- [Data for analysis]
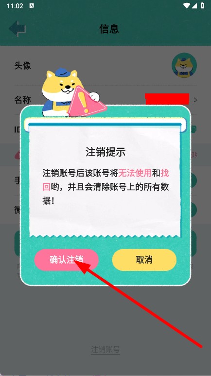 4、在弹出的注销提示弹窗中,点击确认注销,完成账号注销。
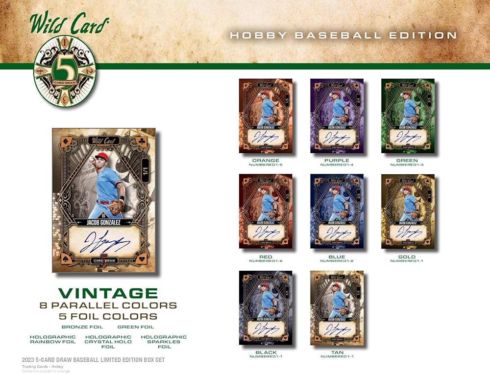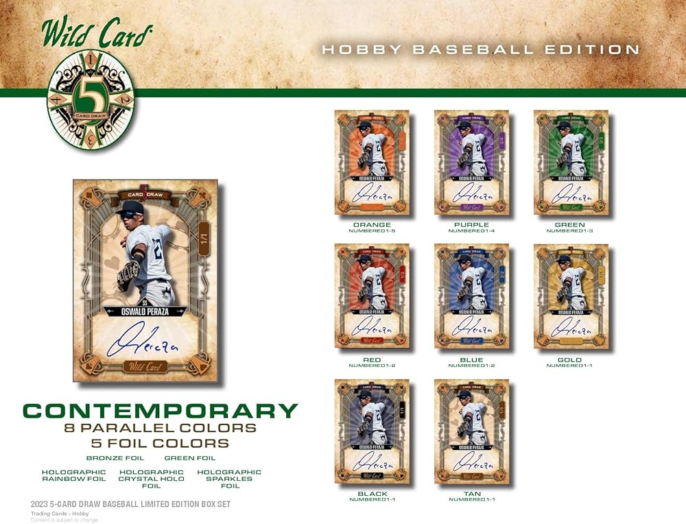 Box Break: - 1 Autograph #'d to 5 - 1 Autograph #'d to 4 - 1 Autograph #'d to 3 - 1 Autograph #'d to 2 - 1 Autograph #'d to 1 Parallels: - Orange #'d to 5 - Purple #'d to 4 - Green #'d to 3 - Red #'d to 3 - Blue #'d to 2 - Gold #'d to 1 - Black #'d to 1 - Tan #'d to 1 Foils: - Bronze - Green - Holographic Rainbow - Holographic Crystal Holo - Holographic Sparkles
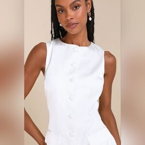 Lulus Sophisticated Icon White Satin Button-Up Mini Dress With Pockets XL Party. New without tags. See all pictures for details.
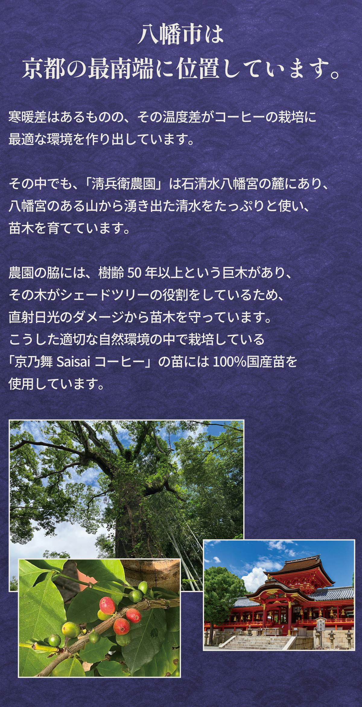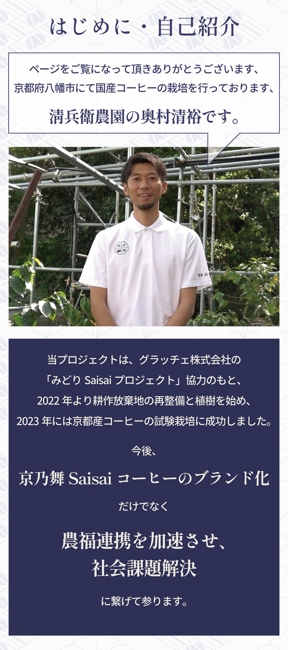 まずはじめに、現在、淸兵衛農園で栽培している「京乃舞Saisaiコーヒー」についてご説明させていただきます。
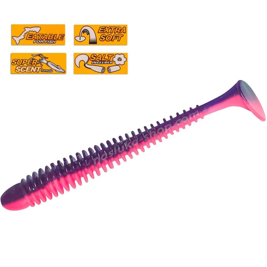 Оребреното тяло създава допълнителни вибрации, които заедно с атрактивното движение на примамката активно привличат рибите и те смело атакуват силикона.

- [Work to be completed]
Output, exactly and without pictures, the span of lines that starts at the line containing "Lulus Sophisticated Icon" and ends at the last line above.

- [Answer section]
 Lulus Sophisticated Icon White Satin Button-Up Mini Dress With Pockets XL Party. New without tags. See all pictures for details.
 まずはじめに、現在、淸兵衛農園で栽培している「京乃舞Saisaiコーヒー」についてご説明させていただきます。
 Оребреното тяло създава допълнителни вибрации, които заедно с атрактивното движение на примамката активно привличат рибите и те смело атакуват силикона.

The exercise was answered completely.